Women tend to be very nurturing and their work is an extension of how they see the world.
According to Jordan, the gender differences come in when it comes to scale. “From my experience in social entrepreneurship, there seem to be more men who take on more large-scale initiatives than women do. That doesn’t necessarily mean that women’s initiatives are not successful; it’s just that they don’t necessarily tend to be driven by the same desire for ‘big’. Women seem to be driven by the desire for impact that’s tangible to them.”
The founder of Evolutionize It, a social enterprise that aims to bring about social change worldwide, through collaboration, facilitated several discussion groups at the Women’s Forum in Deauville recently. Speaking to INSEAD Knowledge on the sidelines of the forum, Jordan said the gender difference was evident during a discussion on women’s entrepreneurship: “There was a general consensus which resonated with the group that women tend to be limited by our own thinking.
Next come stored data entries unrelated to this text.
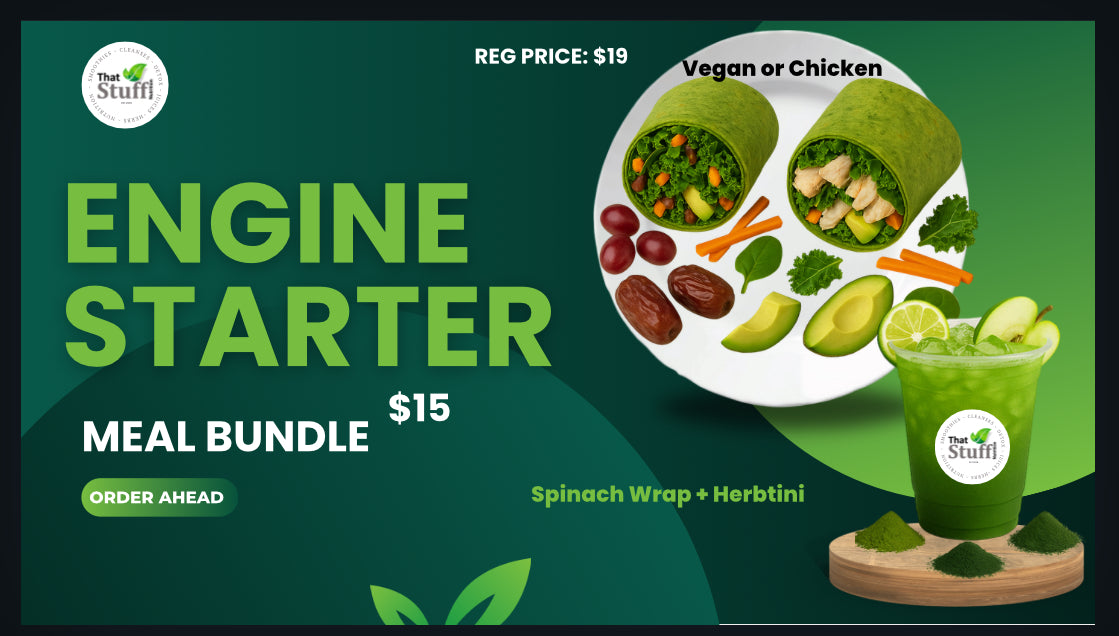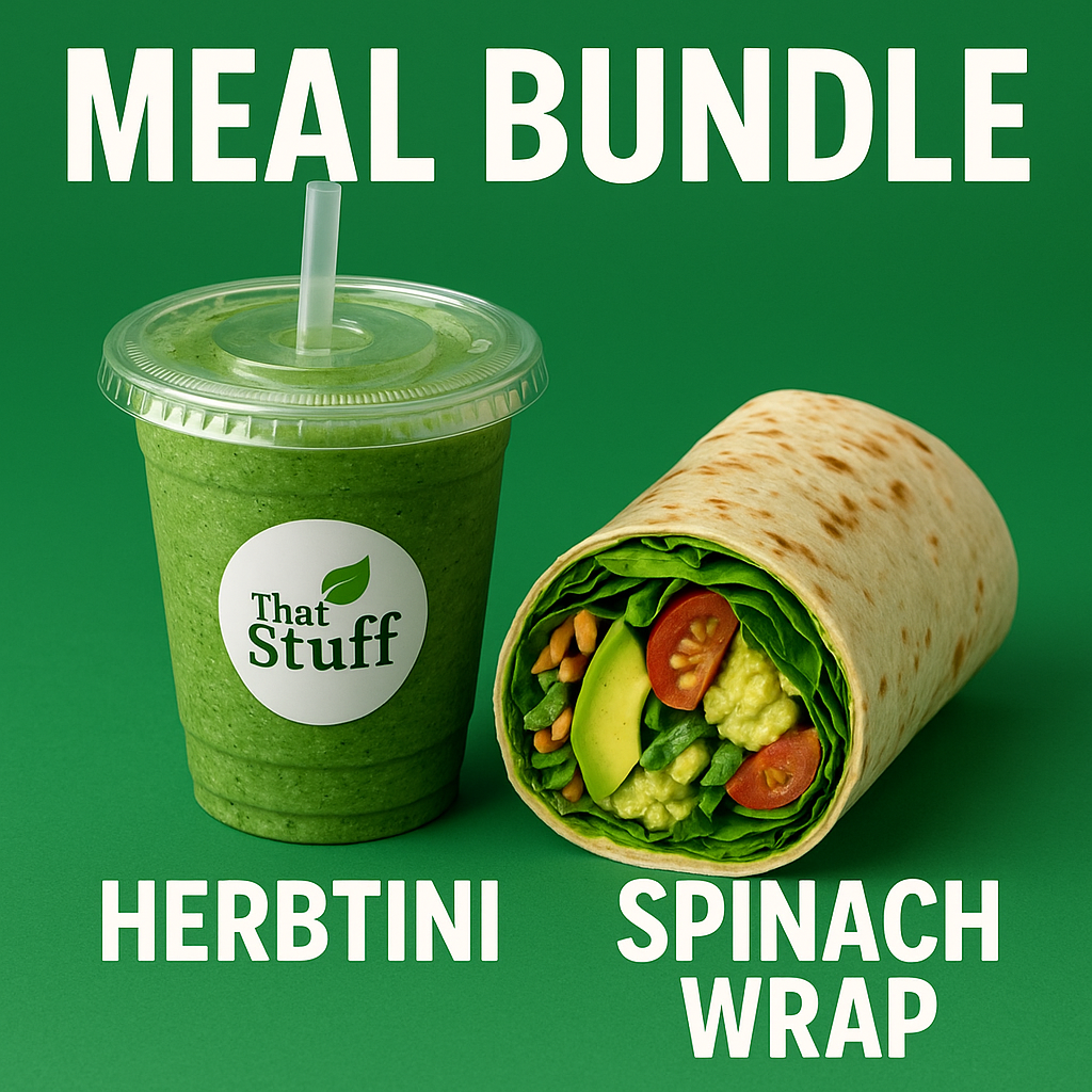 Jumpstart your day with the Engine Starter™ — a powerful meal bundle designed to energize your body, nourish your cells, and keep you moving with clean, functional ingredients. This convenient combo includes one refreshing Herbtini™ and one Spinach Power Wrap, making it the ideal grab-and-go option for busy professionals, students, and wellness-focused individuals.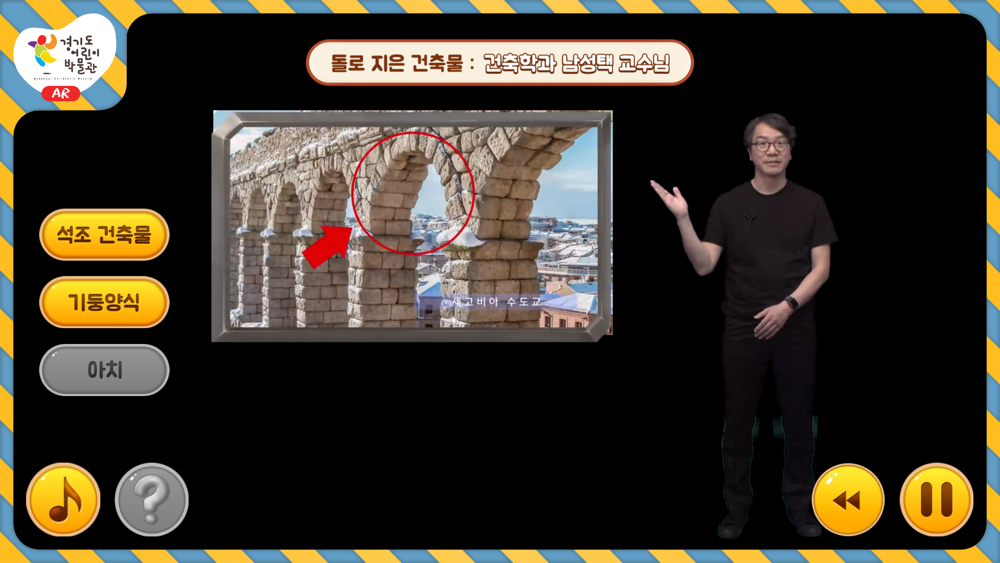 1. 나무, 돌, 철로 지은 건축물에 대해 건축가가 소개해 주는 AR 영상을 감상할 수 있어요.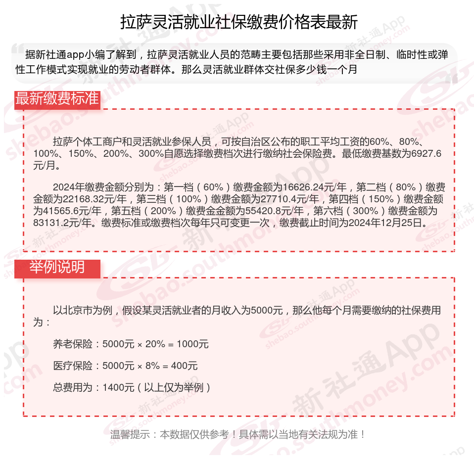 2024-2025年拉萨灵活就业人员社保缴费标准是多少?社保交完退休能领多少钱?下表是2024-2025年拉萨社保费用明细参考,根据新社通app-社保缴费查询工具提供的最新数据如下: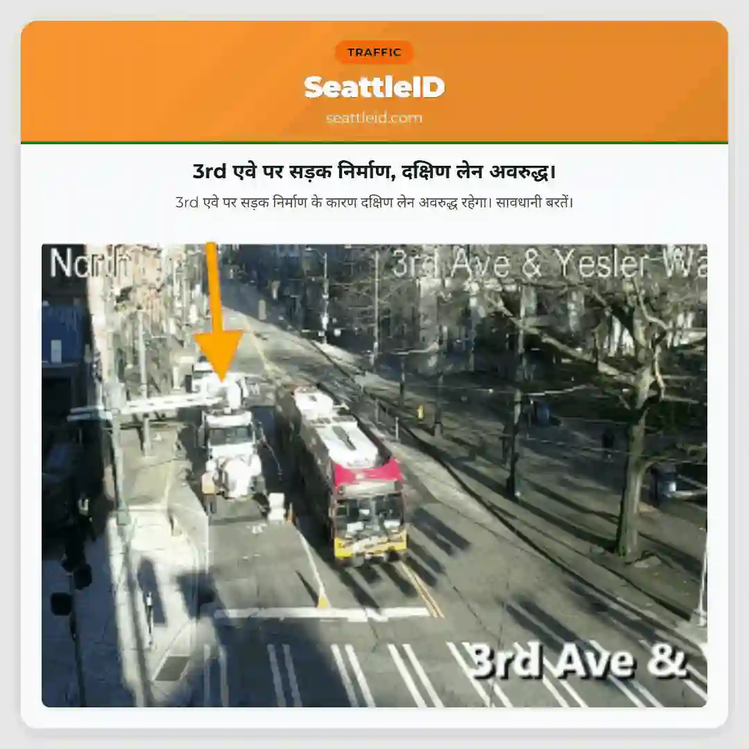 24/01/2026 09:30 Seattle traffic 3rd एवे पर सड़क निर्माण, दक्षिण लेन अवरुद्ध। 3rd एवे पर सड़क निर्माण, दक्षिण लेन अवरुद्ध। सतर्क रहें। 3rd एवे पर सड़क निर्माण के कारण दक्षिण लेन अवरुद्ध रहेगा। सावधानी बरतें। ताजा खबर [I-90] I-90 eastbound बंद! W Mercer Way के पास टक्कर। [This W-Rk Has] कार्य पुनर्निर्धारित! 27 जनवरी, सुबह 8:30-3:30 [SR-167 NB] SR-167 पर वाहन अवरुद्ध, S 212 St उत्तर में (MP 23) [SR-167] उत्तरी SR167 पर दुर्घटना! बायीं लेन बंद। सावधानी वैलिंगफर्ड/४५वीं – सिग्नल खराब! सावधानी बरतें। [Seattle-Bainbridge] समुद्रबीआई – वैनचेटी सेवा पुनः शुरू! जहाज #1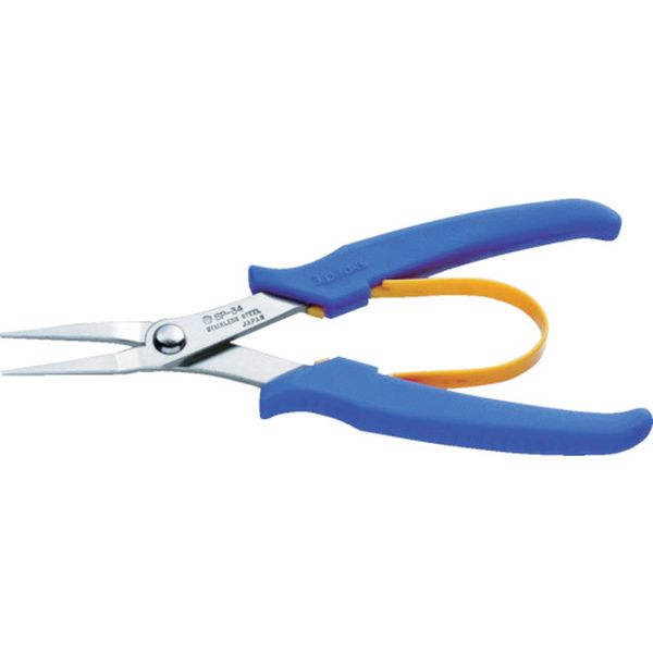 ・「つかむ、つまむ、ひっぱる、さしこむ」に適した先細リードペンチです。・手になじむエラストマー樹脂グリップです。・全長(mm):152・落下防止用ひも取付穴:無・プラスチック製ばね付・先端部ギザなし・ステンレス(SUS420J2)・グリップ:エラストマー樹脂・生産国 日本・JANコード 4960225290159・質量 55g・コード:381-9469 ・品目:SP34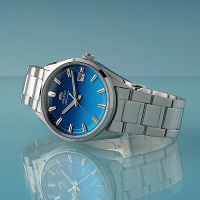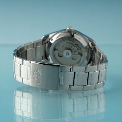 Diese Orient Uhr hat ein Edelstahl Gehäuse mit einem Durchmesser von 38.5 mm und ist mit einem Armband aus Edelstahl versehen. In der Uhr arbeitet ein Orient Uhrwerk. Das Glas der Uhr besteht aus Sapphir - Glas.

We don’t automatically go after ‘large’ and ‘big’ and ‘successful’. We don’t assume that we are going to be successful on a large scale in what we do and we tend to think smaller than maybe we should.”
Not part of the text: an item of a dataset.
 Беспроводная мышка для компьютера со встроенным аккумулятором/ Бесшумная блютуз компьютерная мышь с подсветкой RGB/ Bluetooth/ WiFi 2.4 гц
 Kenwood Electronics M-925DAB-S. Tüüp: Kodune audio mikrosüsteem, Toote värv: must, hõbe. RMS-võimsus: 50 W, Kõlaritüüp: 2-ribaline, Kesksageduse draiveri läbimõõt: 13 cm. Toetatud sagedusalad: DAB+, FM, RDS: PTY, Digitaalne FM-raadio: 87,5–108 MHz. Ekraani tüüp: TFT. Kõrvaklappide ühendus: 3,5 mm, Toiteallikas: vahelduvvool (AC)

Kalpana Sankar, Chief Executive of India-based social enterprise Hand-in-Hand, says that balancing social performance with financial performance targets is like walking a tight-rope. Nonetheless, women have to come to terms with the drastic changes in the microfinance space, wherein more IPOs and private equity funding seem imminent. Women realise that they have to produce results on a scale on a par with male-run microfinance organisations.
Succession and post late stage
Another gender difference is that women social entrepreneurs tend to plan for their own succession. Or if they don’t have a plan, they know that their work demands them to eventually step down and hand over the reins to the stakeholders.
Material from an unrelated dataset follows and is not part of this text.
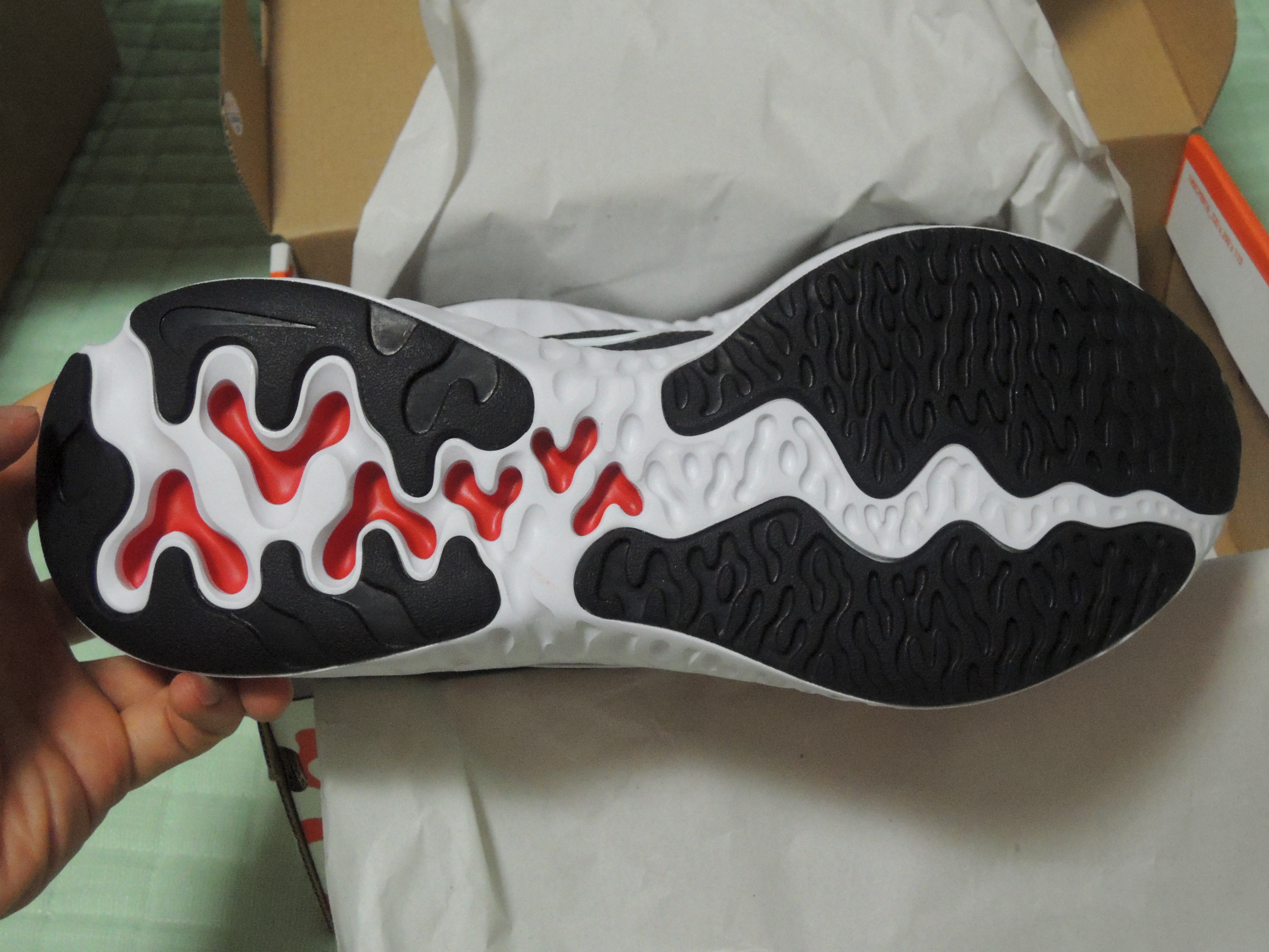 바닥면이 상당히 두껍습니다. 쿠션감이 좋다는 리액트폼... 은 아니고요. 모양만 비슷하게 생겼습니다.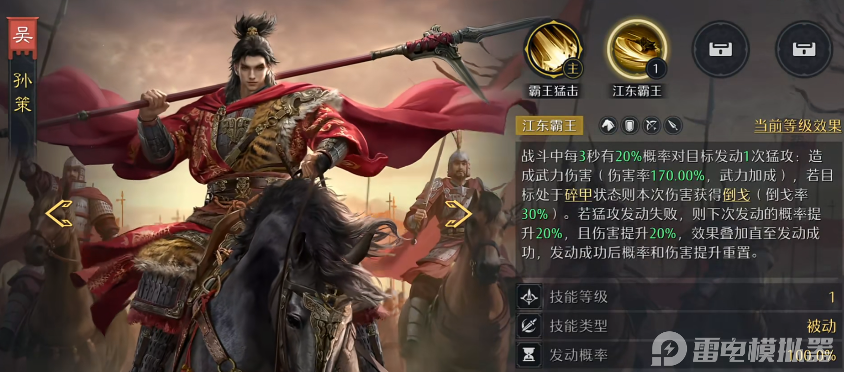 九牧之野孙策凭着易获取、输出稳、续航强的特点,成为手游里的“百搭核心”。如果你也喜欢孙策的强势输出,不妨用雷电模拟器试试,既能发挥武将实力,又能享受更舒适的游戏体验,轻松打造属于自己的强势阵容。

It’s also true that women social entrepreneurs in particular tend to invest “every single bit of money” that they have in their projects, including what should provide for them in their old age such as their assets and family money. “They tend to invest everything they can get their hands on in their project which leaves them quite vulnerable at the late stages of their career,” says Jordan.
According to Sankar there is a glass ceiling in the microfinance sector amid rapid commercialisation and women managers in microfinance institutions need to face up to the challenges of a competitive environment. Women leaders and managers in India still face social constraints while lobbying and networking professionally. It appears that there are increasingly fewer women leaders in microfinance due to rapid commercialisation in this sphere. “Women prefer to retain the social ethos in this field and hence are not able to come to terms with this rapid change. If commercialisation is the new way to go, they may prefer to plan for succession at the earliest possible opportunity.”
Jordan says that it is good that there are a lot of organisations that are stepping in to support late-stage social entrepreneurs who have shown that their projects have the capacity to scale up. However, they are not extending that support yet to beyond that late-stage phase, when women especially are leaving the successful ventures they have created to start again elsewhere. “We really need to figure out how to deploy their expertise because their experience is extremely rich,” says Jordan, “and could be used to help up and coming social enterprises.”